Modern software development is sometimes colourfully described as being similar to firing tracer bullets at a target. Rather than spending time doing a lot of research, design and specification up front, the smallest, simplest version of the software is built and the feedback gathered from its use is used to improve the next version. Being able to continuously integrate, test and deploy software means that we can make this feedback loop incredibly tight but because the same engineers are developing the software and the tests we constantly have to think carefully about the testing investments we make and their opportunity costs.
Software engineers allow themselves to use knowledge of how the software works to pick good white box tests. They rely on code reviewers to catch important test cases that they’ve missed. They rely on unit tests to exercise pathological cases which are hard to exercise in end-to-end or integration tests. They use bugs discovered in previous releases to inform tests cases developed for the next. The goal is to ensure that the next version of the software provides feedback on how close it is to the target rather than just exploding on impact.
The decisions around which tests to write are hard because tests have costs.
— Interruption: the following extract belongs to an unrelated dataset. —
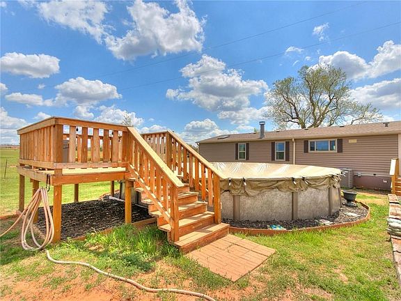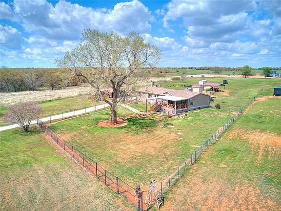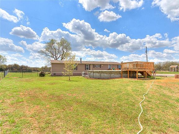 Welcome home to your oasis in the peaceful county. This double wide home is a 4 bed, 2 bath, has been almost completely remolded and includes newer appliances. Live comfortably with lots of space, storage and a POOL! Kitchen area is perfect for anyone who likes to cook, bake or entertain and includes island and separate dining area. Master bath has a double vanity, TWO WALK IN closets and a luxurious shower! On the other side of the home are 3 more bedrooms and a bathroom also with TWO sinks! Home has a full home water filtration system. Property is 7.5 (mol) gorgeous acres, covered parking for up to 4 cars, above ground storm shelter, covered deck, multiple out buildings, one of which has electrical and AC unit. Bring your pets and your livestock as this property is fenced and cross fenced and included a fenced in yard area perfect for dogs. There is an area for a second home with septic and well hookups and did have 2 homes at one point. Property is well cared for. Come see it today!

They take time to write and maintain and need to be changed and updated along with the software they test. What would happen if some or all of the tests could be free?
This question has tantalised computer scientists since Turing’s work on the halting problem in the 1930s and while academic progress has been made, tools based on that work have tended to either only work on small codebases; perform trivial analysis; generate a high percentage of false positives; produce difficult to understand reports or impose other overheads on the development process that make the resulting testing pretty far from free. As a result while we theoretically know how to do sophisticated analysis, in practice we tend to rely mostly on linters doing trivial checks alongside automated tests which check a handful of paths through the software written by engineers.
So it was wonderful when my mixture of hope, anticipation and scepticism gave way to delight when the Infer static analyser delivered on the promise of useful, non-trivial static analysis at Facebook. While Infer currently only reports on a small subset of the errors that it can detect, for those classes of errors Infer’s output is generally as useful as seeing a failing test case: Infer’s 80% fix rate on the non-trivial bugs it finds and reports on is extraordinary in an environment like Facebook’s.
Infer and tools like it won’t completely replace test cases written by engineers. To paraphrase Cristiano, without application specific information, no formula will be able to determine whether a piece of software is working as intended. As a companion to test suites though, static analysis will be transformative. It’s likely that sophisticated static analysers will soon be used by everyone from the smallest software engineering teams to the biggest tech companies. When high quality tests are free, why wouldn’t you run them?
Working with Infer in production at Facebook over the last year has been like living in the future. It has changed the way I think about testing and about the testing investments that should be made. I’m incredibly excited to see its public release as an open source tool that can be used by everyone and very grateful to have been able to help distribute this future more widely.